И Хелена хихикнула. Но вдруг рванулась к двери.
— Господи, ты же есть хочешь!
— Да нет, уже перехотел.
— Сейчас принесу. Лето у тетки провела в Замостье. Да, дядя умер.
— Да ну! Когда? Хотя какая разница?
— Сперва память потерял, а потом умер. День своей смерти предсказал. И кучу долгов оставил. Стефания за докторишку вышла. А тетя все меня сватает, поругались с ней из-за этого. Пыталась меня за одного идиота выдать… Да что ж я болтаю! Если бы мама знала, что ты здесь! Раз уж ей недолго осталось, пусть хотя бы успеет тебя повидать!
— Так плохо с ней?
— Плохо. Но может, станет лучше, когда узнает, что ты вернулся. А что, если я скажу, что от тебя письмо пришло?
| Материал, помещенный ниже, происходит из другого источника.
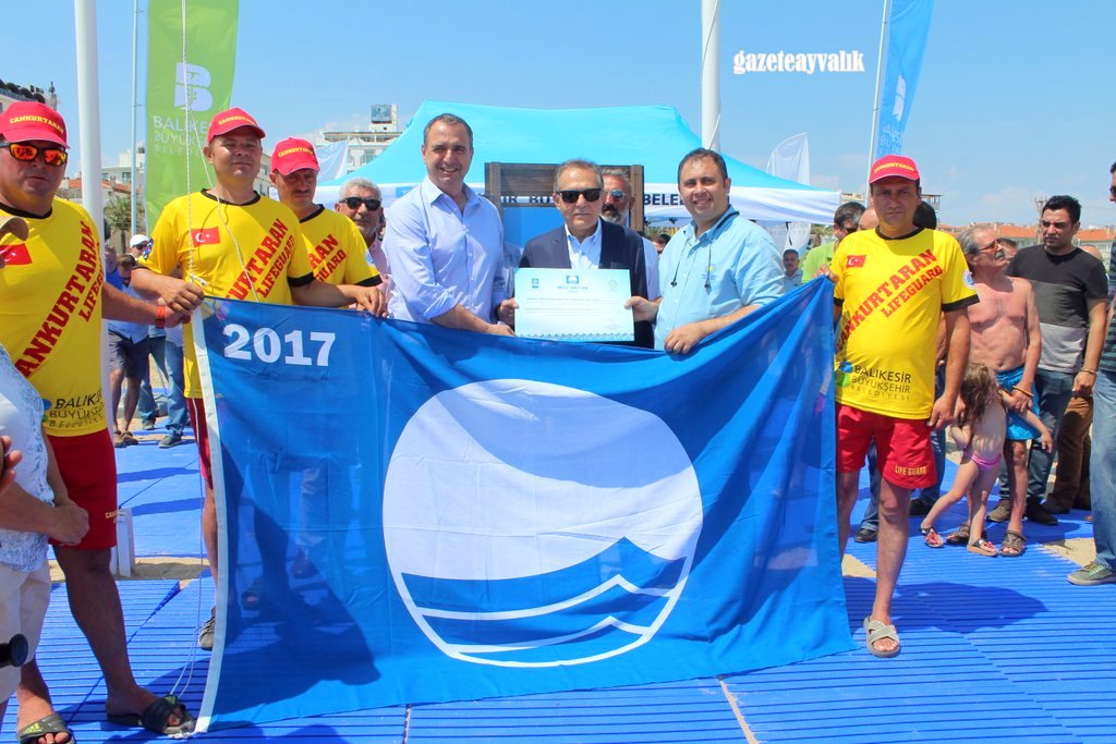 3 yat ve Marina ile birlikte 13 Mavi Bayrak almaya hak kazanan Ayvalık’ta, Balıkesir Büyükşehir Belediyesi Oteller önü Sarımsaklı Halk Plajına verilen Mavi Bayrak, 15 Haziran Perşembe günü saat 14.30’da düzenlenen törenle çekildi. Sarımsaklı Plajında 2017 Mavi Bayrak törenine Balıkesir Büyükşehir Belediye Başkanı Ahmet Edip Uğur, Ayvalık Belediye Başkanı Rahmi Gençer, Balıkesir Büyükşehir Belediyesi Su Kanalizasyon İdaresi Müdürü Mustafa Bayram, Türkiye Eğitim Çevre Vakfı Kuzey Ege Mavi Bayrak Koordinatörü Doğan Karataş, Balıkesir Büyükşehir Belediyesi daire başkanları ve müdürlerinin de aralarında bulunduğu çok sayıda kişi katıldı.

Напишешь несколько слов? Сейчас поесть принесу. Что ты будешь?
— Что найдешь. Стаканчик водки не повредил бы.
— Чем занимался? Расскажи в двух словах.
— На мебельной фабрике работал. С бабой жил.
— Женился?
— Нет, так.
— Все-таки не понимаю, почему ты молчал.
— За свою шкуру боялся.
Хелена кивнула и вышла. Люциан поднял с пола одеяло и подушку. Не раздеваясь, вытянулся на кровати. В окнах быстро синело, на стеклах росли морозные деревья: кривые стволы, свисающие ветви. Древний лес, поломанный ураганом. Странная смесь густых тропических зарослей и северной пустоты. Вдруг Люциану почудилось, что он слышит стрекотание сверчка. Да нет, это у него в ушах звенит. Он бодрствовал, но какая-то часть сознания понемногу засыпала… Паковать сардины — это никогда не поздно. Все, на что наша шляхта способна… Люциан вспомнил, что он дома и Хелена пошла приготовить ему ужин, но в полусне ему казалось, что он в Варшаве, у Стаховой. Что это я так рано домой пришел? Праздник какой-то, что ли? Где Кася? Неужели босиком ушла? Простудится же. А котенок где? Он закрыл глаза и оказался на фабрике. Он строгал, но стружек не было. Ну и что, это же сон… Люциан проснулся, сел на кровати. За окном совсем стемнело, внизу пробили часы, но он не уловил, четыре или пять. Дверь распахнулась, и Хелена внесла кофейник и корзиночку с хлебом и сыром.
— Фелиция уже знает.
— Знает, так знает.
— В часовню пошла выплакаться… Без света будешь есть?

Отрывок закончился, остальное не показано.